Having read Eric's article, some of what he calls the advantages of film seems to apply more to him than others.
"Film gives you a consistent style" - no,
you give
yourself a consistent style. One of my favourite flickr photographers is Nicolas Bouvier, aka Sparth. He has used the Leica M9, the Leica X Vario, the Ricoh GR, the 5D Mark II, the Panasonic GH4, and now he uses some little Nikon pocket zoom. And the photos all look very similar. Sparth does not rely on the camera to give him a distinctive style, he has the style and makes the camera do what he wants.
sparth
Eric says that most people upgrade their digital cameras every two years, and he couldn't imagine having a digital camera for more than five. While I have lots of cameras and lenses, I've had my Leica M9 for five years and I still use it. In a sense, it is the camera I have come to associate with my style, and I plan to shoot with the M9 as long as it holds up. I'm planning for at least another five years, maybe more.
"Shooting film helps me relive an experience more vividly" - he goes on to say that if he shoots digital, he looks at them the next day, pulls out a few he likes, and never looks at the rest again. That might work for him, but not for me. I have all my photographs arranged in folders, organized by time and place. I can go to any month of any year of the past twelve years and there is a very good chance that I will have photographs of what I did on almost any given day, especially if I was somewhere outside the house. I can look through dozens of photos I am likely to have taken and note exactly where I was, what I did, and whom I was with.

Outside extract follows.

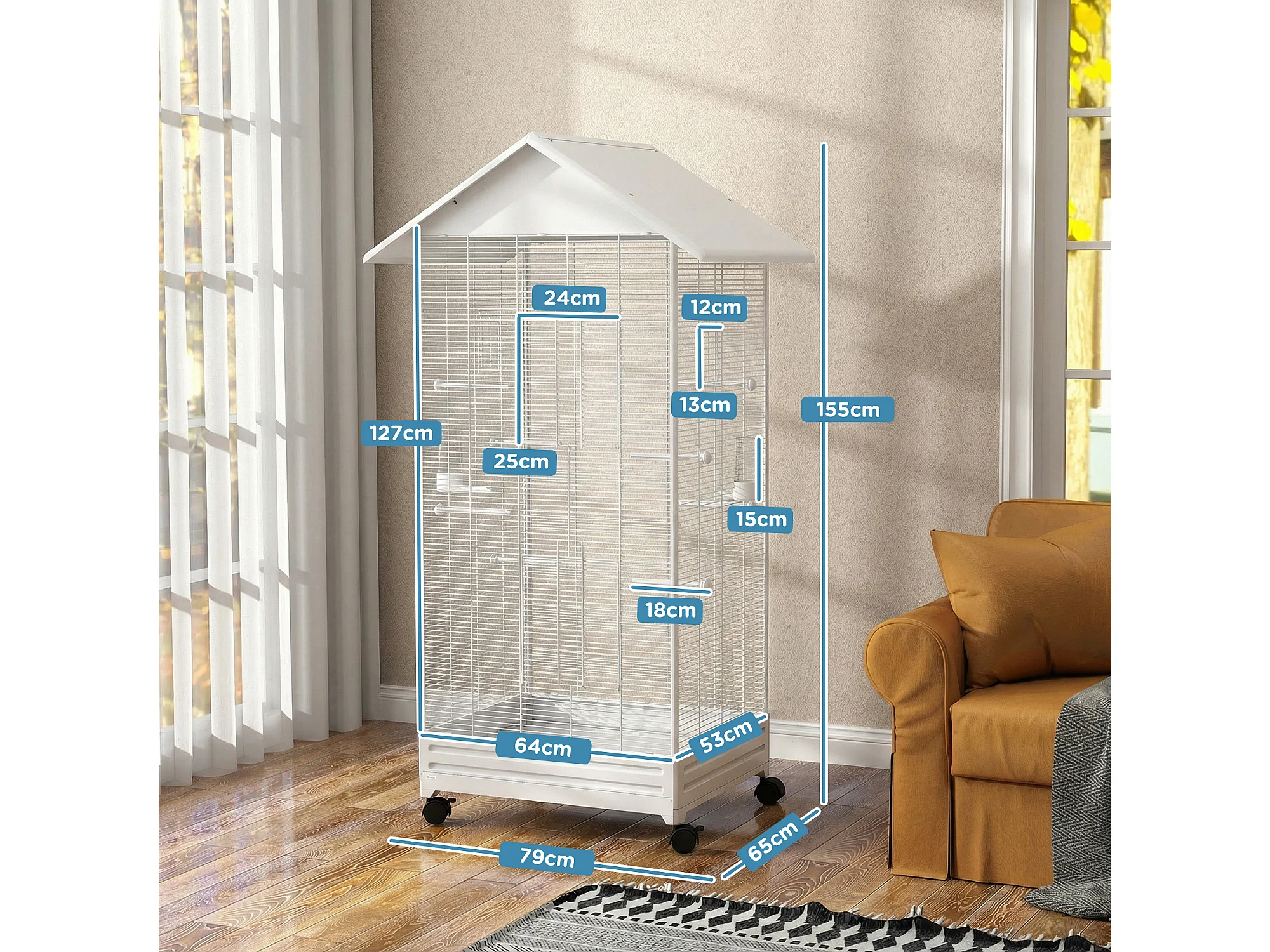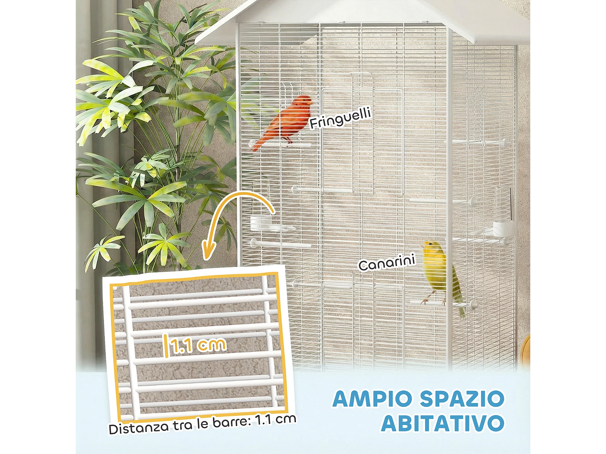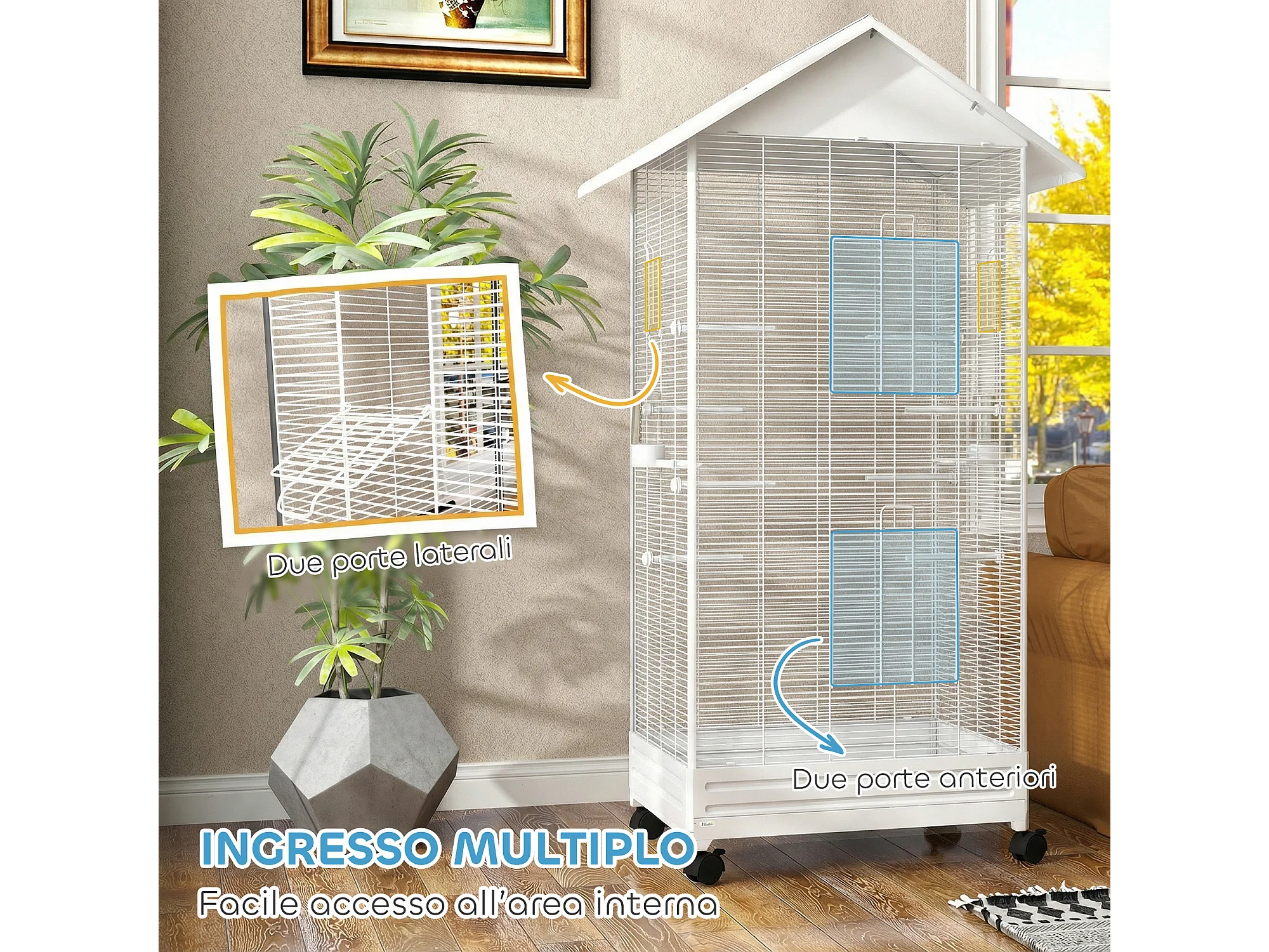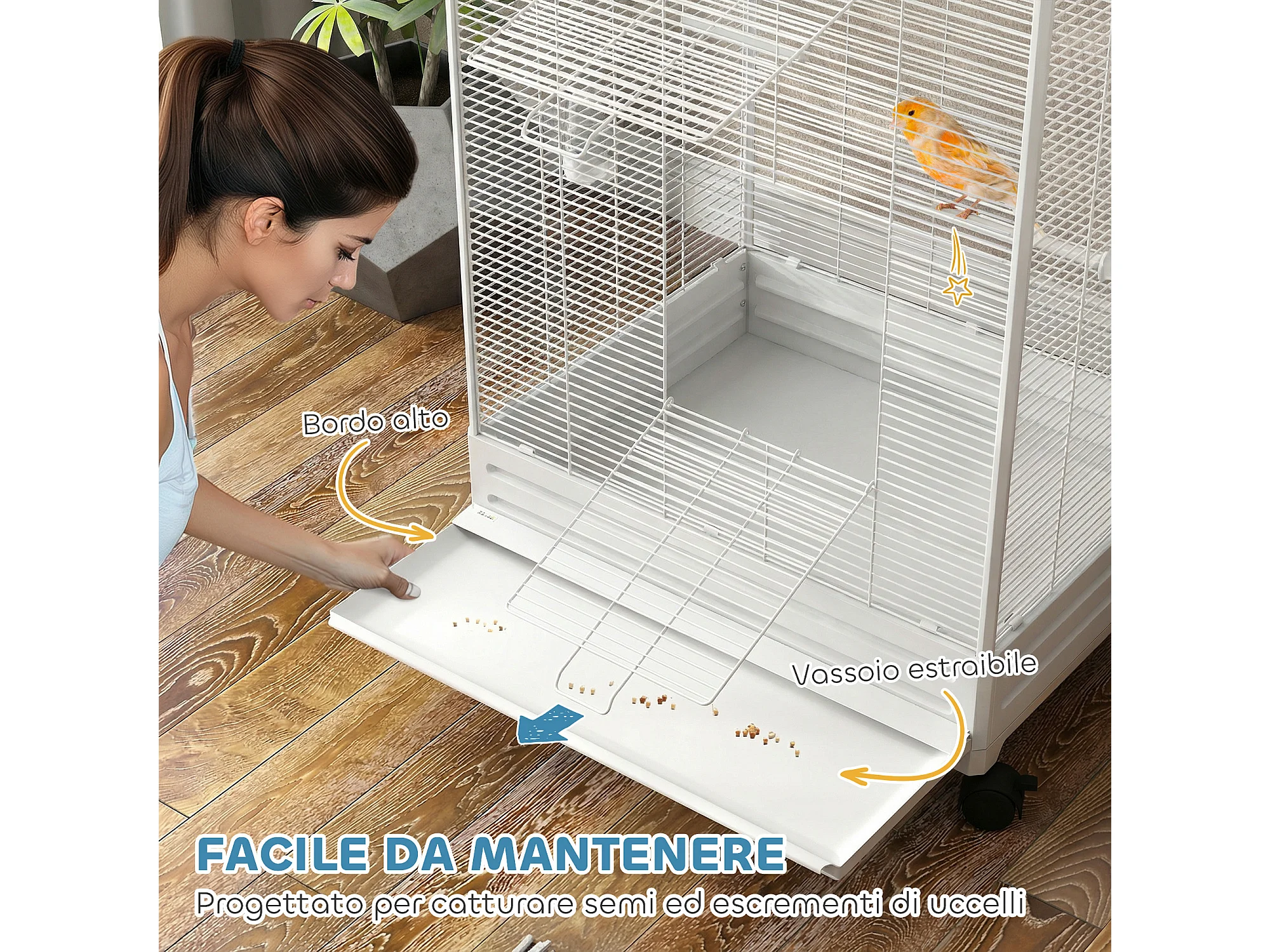 Gabbia per uccelli con ruote e vassoio in acciaio bianco
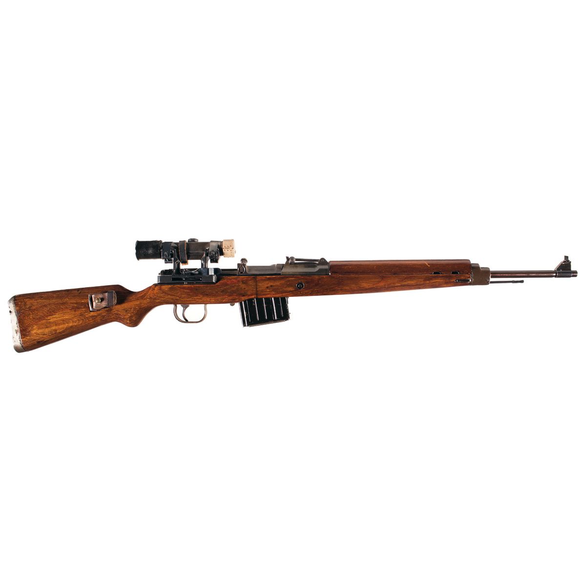 Original GWZF4 scope, reproduction scope mount, scarce early machined receiver, duffle bag cut through center of stock. With 8 MG13 magazines total, two magazine pouches, and one G43 magazine.

"Film has greater longevity" - with digital advances like cloud storage and multiple backup options, I believe that this is becoming less and less applicable. Prints fade and colour negatives degrade over time. A digital file remains the same no matter how many times it is copied. The only thing limiting digital longevity is migration of files to more recent storage media. Get that under control and you'll be able to keep your entire life's work in increasingly large capacity physical media which are compatible with the latest technology, as well as likely to be readable in the future.
I do agree with his liking of the Contax T3; I've had one for several years and it is the film camera I carry when I'm not on an intensive shooting excursion.